The key idea of the smart devices developed in FSI-HARVEST is to invert the traditional ambition to avoid the potentially dangerous interaction of structure and the surrounding fluid, and instead harness the available flow energy through controlled aero/hydro-elasticity effects. In this way, potentially harmful fluctuations are harnessed to provide independent power supply to small electrical devices.

Possible applications are numerous. They include micro electro-mechanical systems, monitoring sensors at remote locations or even in-vivo medical devices. With these devices being “smarter”, they depend less on local energy storage and also require less effort to maintain them.

Modelling and experimentation, complementing each other

This energy converter technology simultaneously involves the interaction of the structure and the surrounding fluid, the electric charge accumulated in the material (piezo-elasticity) and a controlling electrical circuit. In order to understand the observable properties of such future devices and to increase their robustness and performance, the project will develop a mathematical and numerical model of the complex physical system and further use it for systematic computational analyses.

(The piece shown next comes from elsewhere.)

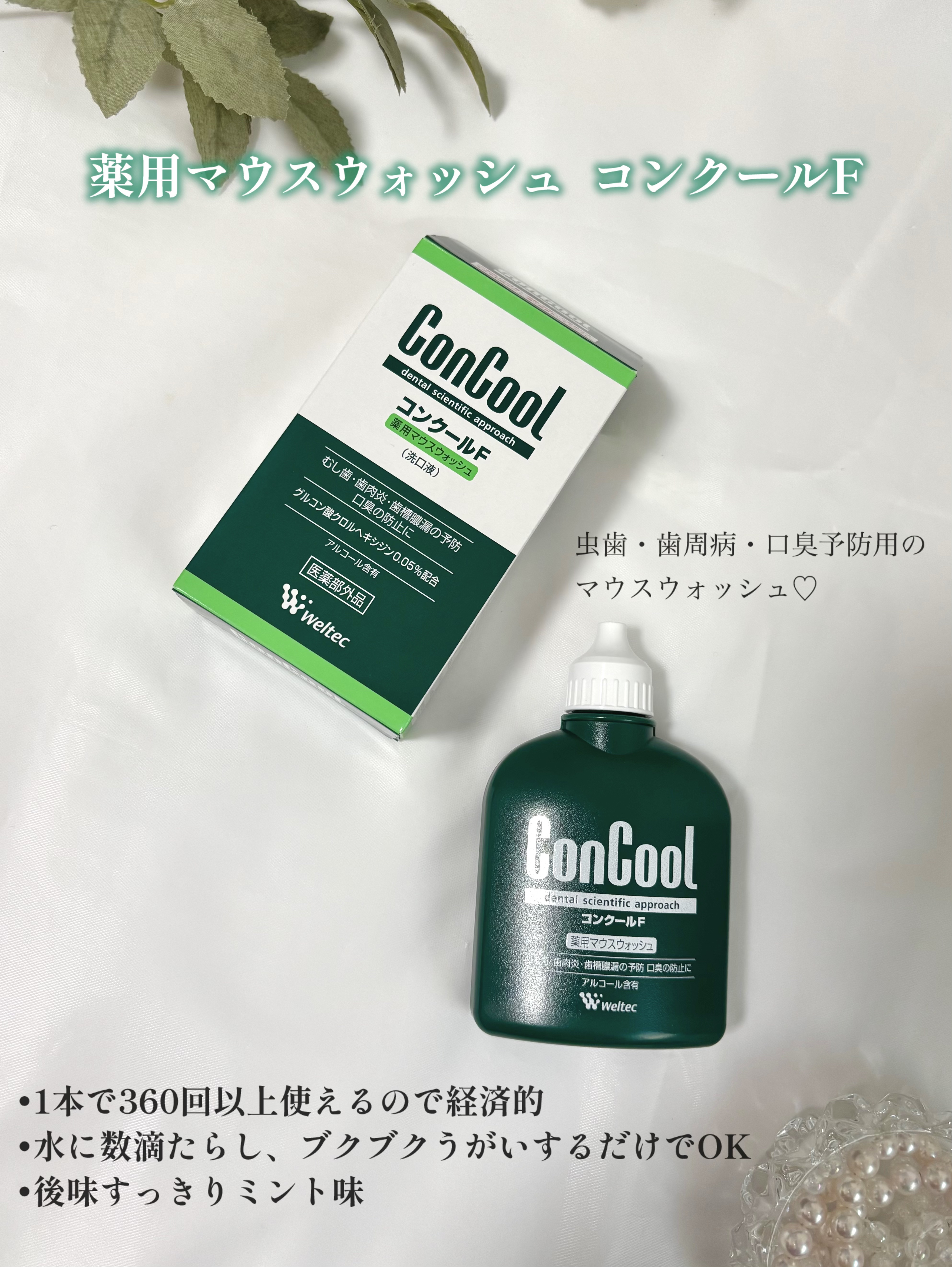 虫歯・歯周病・口臭予防用の水で薄めて使うマウスウォッシュ 100mlで1本で360回以上使えるので経済的✨️ 刺激がなく後味すっきりミント味 歯医者さんに置いてあってコンクールはよく見た事あったけどこれからはマウスウオッシュはこれ使う🪥

Experimental investigations complement the simulation approach and are used to validate the mathematical model and the simulation framework.

These numerical and experimental investigations into the overall system enable scientists to determine the optimal design of these “smart energy harvesters” by taking into account electric power supply under varying exterior conditions. “Computer simulations of such complex physical systems allow us to look into details that are not directly available through experiments”, Dr Zilian explains. “They make it possible to identify and understand the phenomena involved which are necessary to optimise engineering designs.”